The stretch: Qwen3-Coder-Next 80B MoE scores 64.6% on SWE-rebench Pass@5 - the #1 score on the entire leaderboard, beating Claude and GPT-5. But it needs ~38GB+ VRAM, which doesn’t fit on a single 32GB card. If you’re willing to do CPU offloading and accept 5-10 tok/s, it’s technically runnable. Not recommended for interactive coding.

For all use cases at this level, see our 32GB VRAM complete guide.

Cross-Tier Summary

TierAutocomplete PickChat/Agent PickHumanEvalSWE-bench
8GBQwen 2.5 Coder 7BQwen 3.5 9B88.4%-
12GBQwen 2.5 Coder 14BPhi-4 14B~89%-
16GBQwen 2.5 Coder 14BGPT-OSS 20B~89%-
24GBQwen 2.5 Coder 32BQwen 3.5 27B92.7%72.4%
32GBQwen 2.5 Coder 32B (Q6)Qwen 3.5 27B (Q6)92.7%72.4%

IDE Integration

Autocomplete with Continue (VS Code / JetBrains)

# Pull your autocomplete model
ollama pull qwen2.5-coder:7b    # 8GB tier
ollama pull qwen2.5-coder:14b   # 12-16GB tier
ollama pull qwen2.5-coder:32b   # 24GB+ tier

Install Continue in VS Code or JetBrains, point it at your local Ollama server (http://localhost:11434), and enable tab autocomplete.
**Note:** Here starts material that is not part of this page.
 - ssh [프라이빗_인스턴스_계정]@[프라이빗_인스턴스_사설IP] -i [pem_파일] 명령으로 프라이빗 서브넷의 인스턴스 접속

The experience is nearly identical to Copilot.

We have a detailed setup guide: Self-Host Code Completion with Continue + Ollama.

Autocomplete with Tabby

Tabby is purpose-built for self-hosted code completion. It handles model management, indexing your codebase for context-aware suggestions, and has plugins for VS Code, JetBrains, and Vim.

Full setup walkthrough: Self-Host Tabby AI Code Completion.

Chat with Aider

For terminal-based AI coding that edits files directly:

pip install aider-chat
aider --model ollama/qwen3.5:27b

Aider sends your files to the local model, gets proposed changes, and applies them with git integration. The Qwen 3.5 27B at 72.4% SWE-bench means it resolves real issues, not just simple completions.
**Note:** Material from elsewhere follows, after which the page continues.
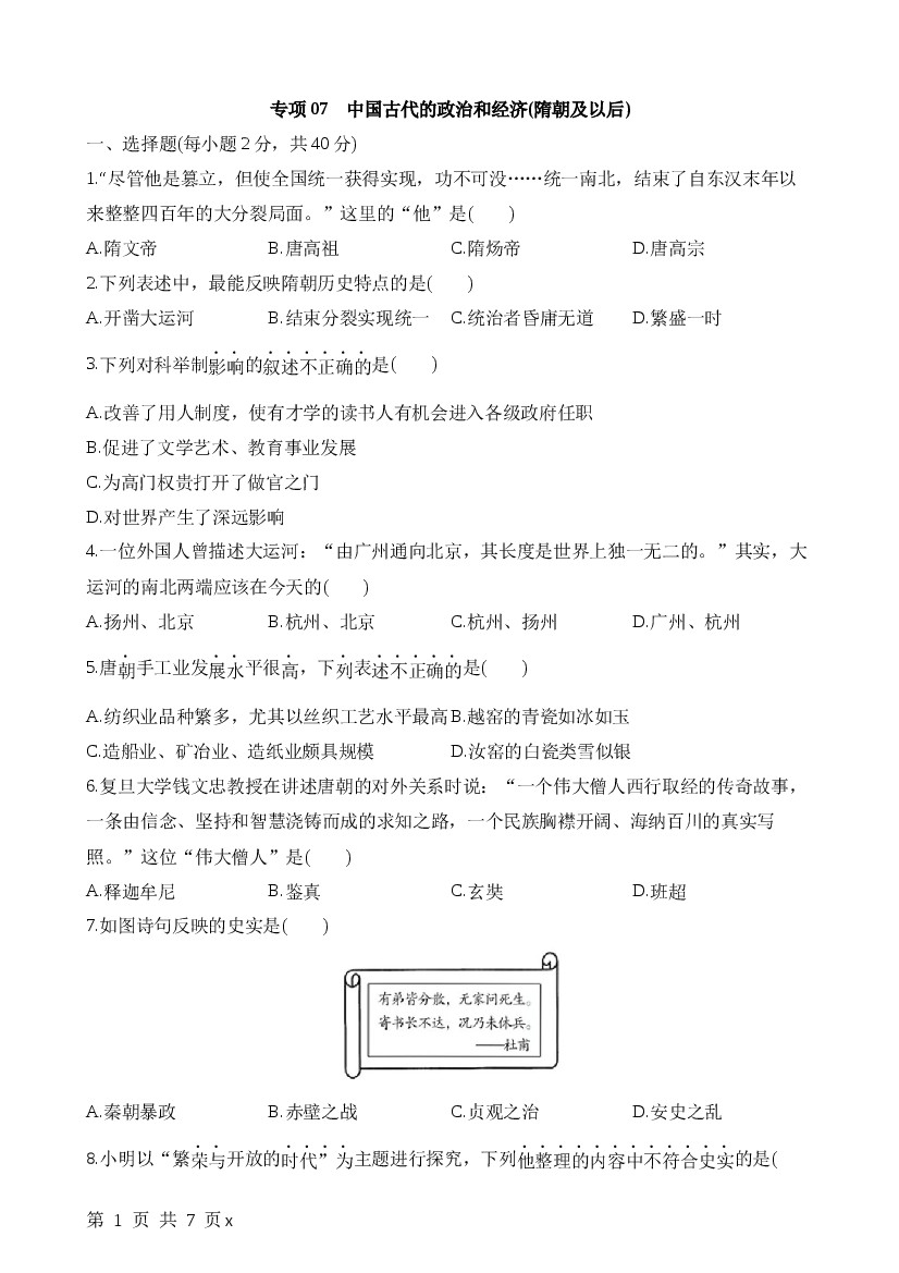2025年七下历史专项练习专项07中国古代的政治和经济

What Local Coding Models Can’t Do (Yet)

  • Full repository understanding - they see what you paste in, not your entire codebase. Tabby’s indexing helps, but it’s not the same as Copilot Workspace or Cursor
  • Complex multi-file refactoring - models below 27B struggle to maintain consistency across many files
  • Reliable test generation - they generate tests, but the tests often don’t compile or test the wrong things. Always review
  • Unfamiliar frameworks - training data has a long tail. Obscure libraries get hallucinated APIs

The 24GB+ tier with Qwen 2.5 Coder 32B and Qwen 3.5 27B genuinely threatens paid coding assistants for most workflows. Below that, local models are best as a supplement to your own expertise rather than a replacement for it.